Hi. Having trouble scaling has_child query

I am trying to search for all items that haven't been viewed by a user yet.

Assumtions:

  • 3 million users
  • 3 million items
  • 10 thousand items viewed per user.

We have an item index with a child document viewed_by for each user that viewed the item.

To query items that have not been seen yet we use

bool:
  must_not: [
    {has_child: {type: 'viewed_by', query: {term: viewed_by_user_id: CURRENT_USER_ID}}}
  ]

This kinda works, its not fast but it doesn't generate errors.

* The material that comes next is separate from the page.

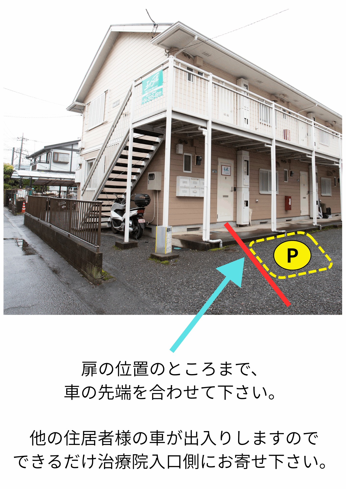 ※手前に同じようなアパート(黄色い線)が並んでいますが、当院は奥側にあります。
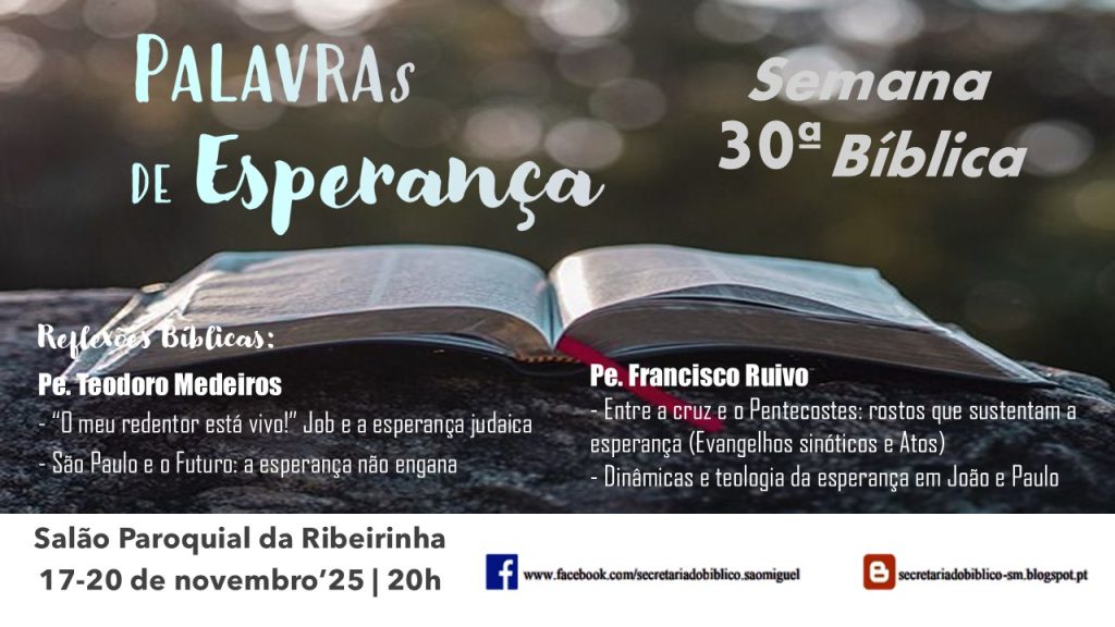 A 30ª Semana Bíblica Diocesana de São Miguel realiza-se de 17 a 20 de novembro, no Salão Paroquial do Santíssimo Salvador do Mundo, na Ribeirinha, ouvidoria da Ribeira Grande. As sessões terão lugar diariamente, às 20h00, e serão transmitidas em direto através da página do Facebook do Secretariado Bíblico de São Miguel, informa uma nota da organização que desafia todos os participantes que estejam em São Miguel a estar presencialmente.

When we tried adding more parameters to the filter, to only exclude items with a particular status, searches stop scaling and start timing out, our timeout is set to 10 seconds.

bool:
  must_not: [
    {has_child: {type: 'viewed_by', query: {bool: {must: [
        {term: viewed_by_user_id: CURRENT_USER_ID}
        {term: status: 1}
    ]}}}}
  ]

During this time the node cpu is under 20% with plenty of available memory. The cluster has 16 servers with 32 cores and 60 gigs of ram. Heap is limited to 30g.

Any suggestions of how to fix or where to look to figure out why the cpu is so low?

Thanks in advance.

Have you tried using eager_global_ordinals?

https://www.elastic.co/guide/en/elasticsearch/guide/current/parent-child-performance.html

Hi Mike, thanks for the suggestions I have not but I will. What concerns me
though is that a simple has_child works just fine, but a slightly more
complicated one cripples the system. I would imagine that the cost of
building the ordinals list is the same regardless of the query complexity.